Ergo hatten wir in Einzel-, Partner- und Gruppenvariante. Es hat ihm Spaß gemacht, ob es was verändert hat im Alltag kann ich nicht sagen. Als einzig sinnvolle Variante empfand ich die Gruppe, dort ging es um soziales Miteinander (ausreden lassen, abwarten, zusammenarbeiten) und eigene Organisation (an seine Mappe denken).

Er würde gerne zum Bogenschießen. Das haben wir zum Glück auch im Nachbarort, startet aber erst wieder im Frühjahr.

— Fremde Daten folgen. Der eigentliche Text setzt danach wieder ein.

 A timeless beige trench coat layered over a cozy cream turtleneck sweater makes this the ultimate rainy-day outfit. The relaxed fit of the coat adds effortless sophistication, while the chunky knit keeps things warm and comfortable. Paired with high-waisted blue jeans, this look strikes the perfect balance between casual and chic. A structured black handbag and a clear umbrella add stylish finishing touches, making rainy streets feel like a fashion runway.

Ich versuche ruhig zu bleiben, was mir nicht immer gelingt. Je ruhiger ich mit ihm rede, umso mehr schreit er rum und wirft Sachen durch die Gegend. Man sieht ihm seine innere Anspannung dann auch körperlich an. Er verkrampft sich richtig und spannt alle Muskeln an. Wir schwanken oft zwischen, ihn aus der Situation rausgehen und sich in seinem Zimmer abreagieren zu lassen und ihn zu zwingen sich in unserer Nähe zu beruhigen. Wir wissen einfach nicht genau, was besser ist. Mein Mann (wahrscheinlich noch undiagnostiziert, aber ich sehe wahnsinnig viele Parallelen, Diagnostik ist Ende März) und er können sich gegenseitig richtig hochpushen, wenn ich dazwischengehe, ist mein Mann sauer auf mich.

Gefühle äußern fällt ihm nicht immer leicht. Oft traut er sich nicht uns zu erzählen, wenn es ihm nicht gut geht, weil er uns nicht traurig machen möchte. Daran arbeiten wir gerade und versuchen immer wieder über unser aller Gefühle (auch seine Schwestern) zu sprechen.

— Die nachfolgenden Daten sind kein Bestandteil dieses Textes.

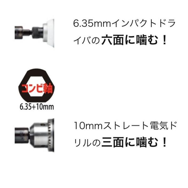 高耐久コンビ軸搭載により六角軸(対辺6.35mm)とチャック式(10mm)の両方に使用可能で、使用の際の安全性も提供致します。

Aktuell ist die Situation ziemlich aufgeladen. Vor allem abends, wenn gefühlt jeder schon darauf wartet, dass es eskaliert.

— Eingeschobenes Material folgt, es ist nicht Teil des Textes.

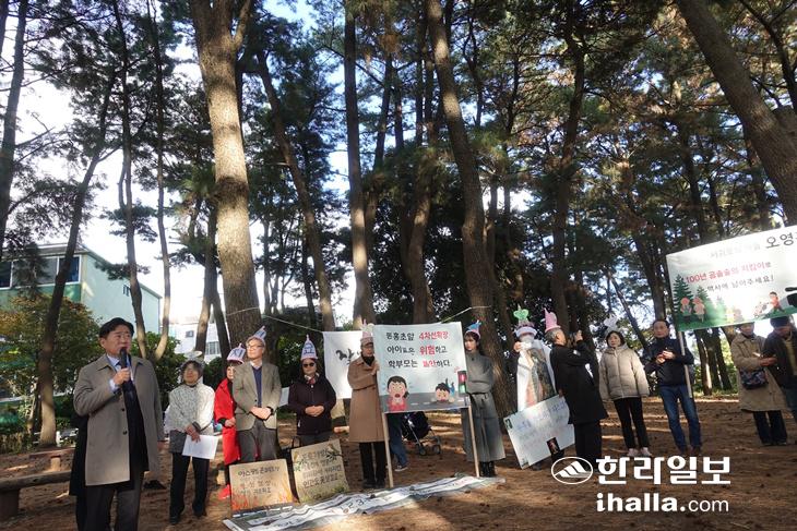 | 5일 오후 오영훈 지사의 현장 방문 전 서귀포학생문화원 잔디광장과 소나무 숲을 관통하는 도로 개설에 반대하는 시민들이 발언하고 있다. |

Den Medienkonsum versuche ich auf 1-1,5 Stunden am Tag zu regulieren. Allerdings müssen sie ja auch für die Schule da ran, was das ganze schwierig macht. Ich kann ihm schlecht die schulische Medienzeit von seiner Medienzeit abziehen, dann macht er die schulischen Aufgaben garantiert nicht mehr.

Liebe Grüße

2 „Gefällt mir“

@MamaX4 Keine Ahnung ob es schon jemand erwähnt hatte?, aber weil ich im Moment ehrlich gesagt die letzten Beiträge nur überflogen habe, weil leider habe ich gerade nicht viel Zeit und schreibe deshalb nur kurz darüber was eventuell möglich sein könnte wegen des Verhalten Deines Sohnes, nämlich das Dein Sohn eventuell unter Depressionen leiden könnte, was übrigens glaube ich von Eltern leider vielleicht sehr oft übersehen wird, was vielleicht daran liegt weil vielen Eltern nicht bewusst ist, oder vielleicht auch nicht bekannt ist das Depressionen im Kindheits und Jugendalter absolut möglich sind, und meines Wissens nach Menschen im Teenie Alter sogar die Altergruppe mit der höchsten Suizidrate ist.
Jedenfalls möchte ich persönlich eigentlich allen Eltern raten bei schulischen Problemen ihrer Kinder nie ausser Acht zu lassen das es sich um Depressionen handeln könnte.